Jews Around World Concerned by Far-Right Breakthrough in German Election

BRUSSELS/BERLIN (Reuters) —
Anti-immigration party Alternative fuer Deutschland AfD party leader Joerg Meuthen. (Reuters/Stefanie Loos)

Jewish groups in Europe and the United States expressed alarm on Sunday at the far-right Alternative for Germany’s success in Germany’s parliamentary election, and urged other parties not to form an alliance with the AfD.

Early projections gave the AfD 13.5 percent of the vote, allowing it to enter the Bundestag for the first time, as Germany’s third-biggest party.

The far-right has not been represented in parliament since the 1950s, a reflection of Germany’s efforts to distance itself from the horrors of the Nazi Holocaust.

Ronald Lauder, president of the New York-based World Jewish Congress, called Chancellor Angela Merkel a “true friend of Israel and the Jewish people” and decried the AfD’s gains at a time when anti-Semitism was increasing across the globe.

“It is abhorrent that the AfD party, a disgraceful reactionary movement which recalls the worst of Germany’s past and should be outlawed, now has the ability within the German parliament to promote its vile platform,” Lauder said.

The AfD, which has surged in the two years since Merkel left Germany’s borders open to more than one million migrants mainly fleeing Middle East wars, says immigration jeopardizes Germany’s culture but denies it is racist or anti-Semitic.

The European Jewish Congress urged centrist parties to stick to their vows to avoid forming coalitions with the AfD.

“Some of the positions it has espoused during the election campaign display alarming levels of intolerance not seen in Germany for many decades and which are, of course, of great concerns to German and European Jews.”

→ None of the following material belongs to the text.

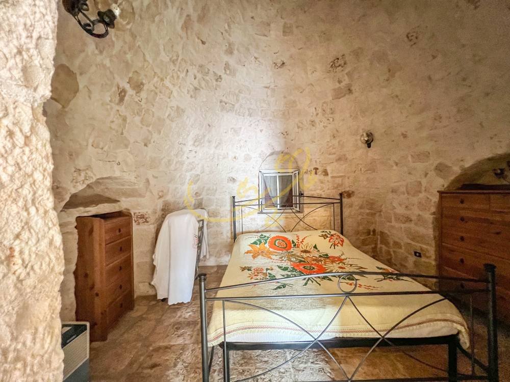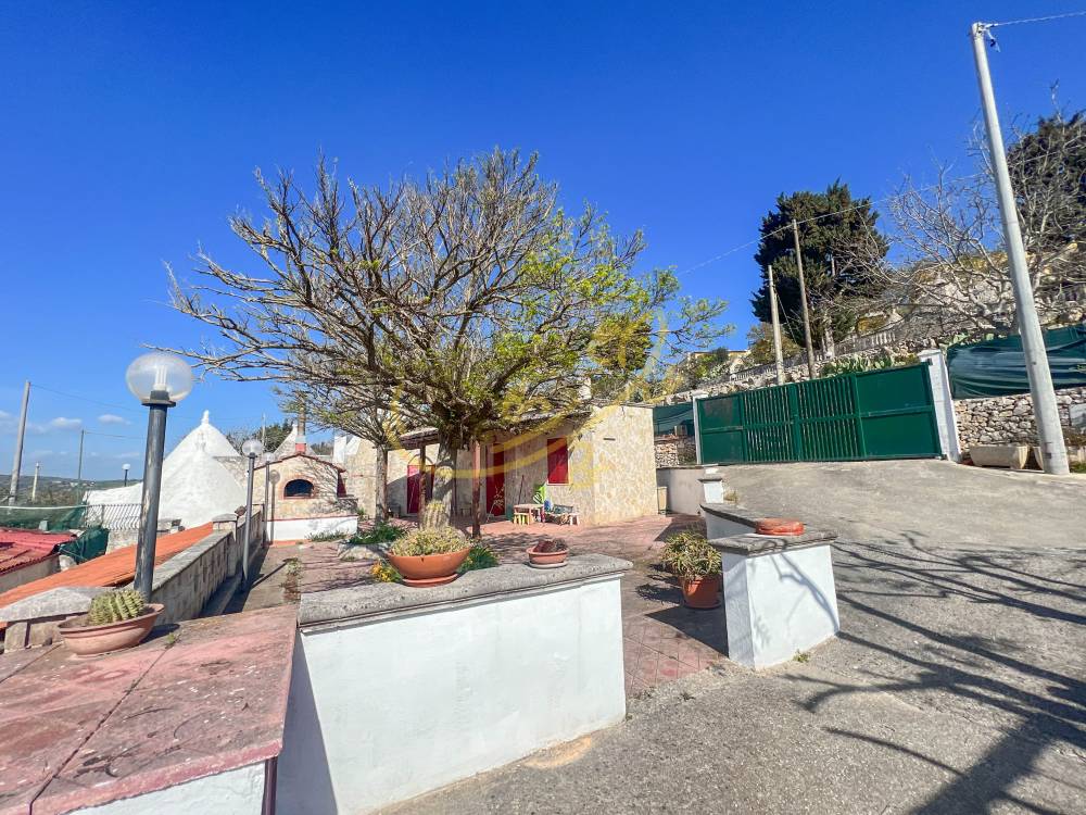 Tramite un cancello si accede al piazzale con vista panoramica sulla valle, la zona esterna è attrezzata con grande forno a legna e barbecue. Tramite l'ingresso principale si accede alla lamia, con piccolo soggiorno con camino e angolo cucina, una piccola camera da letto e bagno con doccia, il trullo molto ampio, con pavimento in chianca originale, accoglie la camera matrimoniale e un disimpegno che lo collega alla lamia. La casa si trova vicino ad altre abitazioni, ottimo investimento per villeggiatura estiva.

The Central Council of Jews in Germany said the election results had confirmed its worst fears and urged other parties to remain united in opposing the AfD.

“A party that tolerates right-wing extremist thinking in its ranks and incites hatred against minorities … will now be represented in parliament and nearly all state legislatures,” the group’s president Josef Schuster said in a statement.

“I expect our democratic forces to expose the true nature of the AfD and its empty, populist promises,” he added.

Germany, home today to an estimated 200,000 Jews, has built a reputation in recent decades as a tolerant, safe place for Jews to live, but official data show anti-Semitic crimes reported to the police rising 4 percent to 681 in the first eight months of 2017 against the same period last year.